Dr. Debakanta Jena had heard stories from the front lines of Alberta's COVID-19 units, but it wasn't until the Medicine Hat orthopedic surgeon volunteered to work there, at the end of September, that he fully understood.
"The first day I went in, I realized I had been chief of surgery for four years, I've attended many COVID meetings — [I] kind of know what's going on but really did not know until I got into the unit how intense and how soul-crushing the situation was," he said.
That feeling of intensity, according to Jena, was sparked by the volume of patients coming in needing high amounts of oxygen, the pace at which doctors, nurses and other health-care providers were working to care for them and the raw emotion of the front-line staff.
"You could see that they're making quick, real-time decisions that will suddenly change someone's life. Should they go to ICU? Will they survive in ICU? Can the person's goal of care be changed? Can the family come in?" he said.
Jena, who has worked in a supportive role for a handful of shifts on the COVID-19 unit, said he was struck by the pure dedication of his colleagues.
He was also struck by how sick the patients are when they arrive on the unit.
"The last time I probably listened to the lungs is a long time back.… But I absolutely was shocked to know how bad the lungs were damaged, how sick people looked. And the fear in people's eyes. You could see the fear when they came in."
Sheer volume of deaths
Cecilia Incze has seen that fear, too.
As a pediatric intensive care nurse, she was recently redeployed from Alberta Children's Hospital to care for critically ill adults at Calgary's Foothills Hospital.
"The tragic part is seeing the sad stories of how poorly [these patients] recover and how long their stays are in the ICU and [the] volume and numbers of tools and machines and medications that are required to help," she said.
"It's seeing mothers fathers, grandpas, grandparents brothers and sisters who are struggling to recover."
And then there is the sheer volume of deaths.
"It's the continuous, repetitive exposure to seeing individuals pass away — and how quickly it happens. Sometimes you're fighting for someone for two to three weeks until you decide … to take them off the ventilators and seeing if they make it or not. It's hard to repetitively see people die," she said.
It is unclear how many health-care workers have been redeployed in Alberta during the fourth wave.
Alberta Health Services said that number is not tracked centrally since decisions are made at a local level and can change on a daily basis.
"When there is an urgent need for additional staff, staff previously trained are considered first for redeployment," spokesperson James Wood said in a statement emailed to CBC News.
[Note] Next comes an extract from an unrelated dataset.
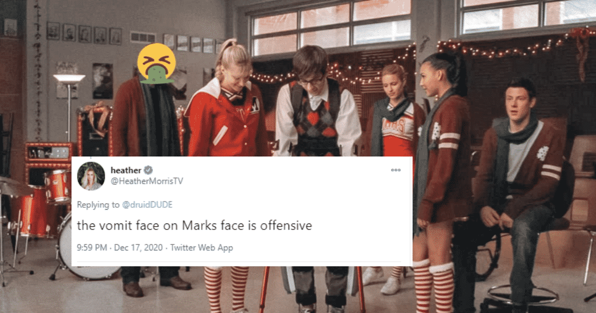 When Glee castmate Kevin McHale quote tweeted a fan’s ode to “A Very Glee Christmas,” his costar Morris took offense with the vomiting emoji the user put over Salling’s face.
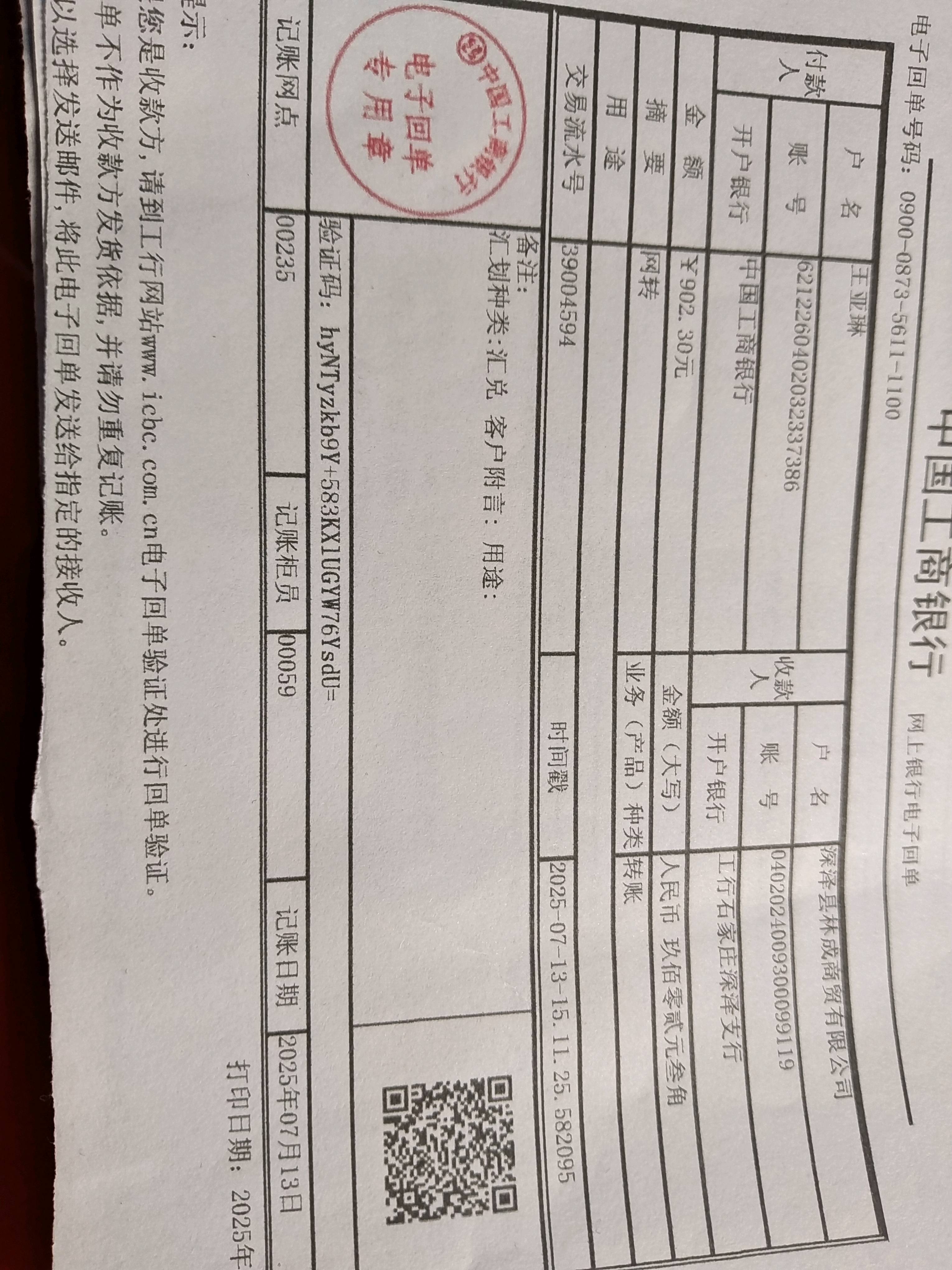 根据电子回单内容,该笔业务为银行转账支付902.30元,用途为“网转”,收款方为深泽县林成商贸有限公司。

He said redeployed staff are provided with orientation and training before they start working in a new environment.
A question of trust
On Ian Hennes's first day in the Medicine Hat intensive care unit, staff were in the process of converting the recovery room — which he often worked in — into an overflow ICU.
Prior to his redeployment in September, the operating room nurse hadn't worked in intensive care since he was a student, nearly 20 years earlier.
"It's a day I'll remember," he said.
"Going patient after patient down the hall from ICU to this new ICU — filling it up with very ill people [who were] all on ventilators.… And then you come back for more patients, and they're already bringing down more patients from the COVID unit to ICU and filling that up as we're emptying it. "
Hennes, who is embracing his redeployment as a time to learn new skills, said staff from all over the hospital — including physical therapists, respiratory therapists and lab staff — are working to save these patients.
Prior to the fourth wave, the ICU would have had one nurse for every patient.
Now, according to Hennes, one ICU nurse cares for several patients with the help of redeployed RNs, who assist with tasks such as preparing, mixing and administering a complex combination of intravenous drugs needed to stabilize ventilated patients.
"They couldn't take care of four or five ventilated patients who need a variety treatments. It's just not possible. So that's where we are be able to be in an assisting role and try to support them so that they don't feel a overwhelmed."
He wants Albertans to know what it's like behind the ICU doors.
"There's a lot of sorrow," he said. "From my few weeks there, more patients have left from passing away than getting better and leaving."
The vast majority of those patients are unvaccinated. And Hennes hopes people will get immunized, follow the rules and start to trust the medical system.
"When people can't breathe and the ambulance comes, they trust the health-care system. They come to us and they want everything that can be done to help them at that point," he said.
"So let's skip that step and be a little bit preventative and trust science and trust the medical community with their recommendations."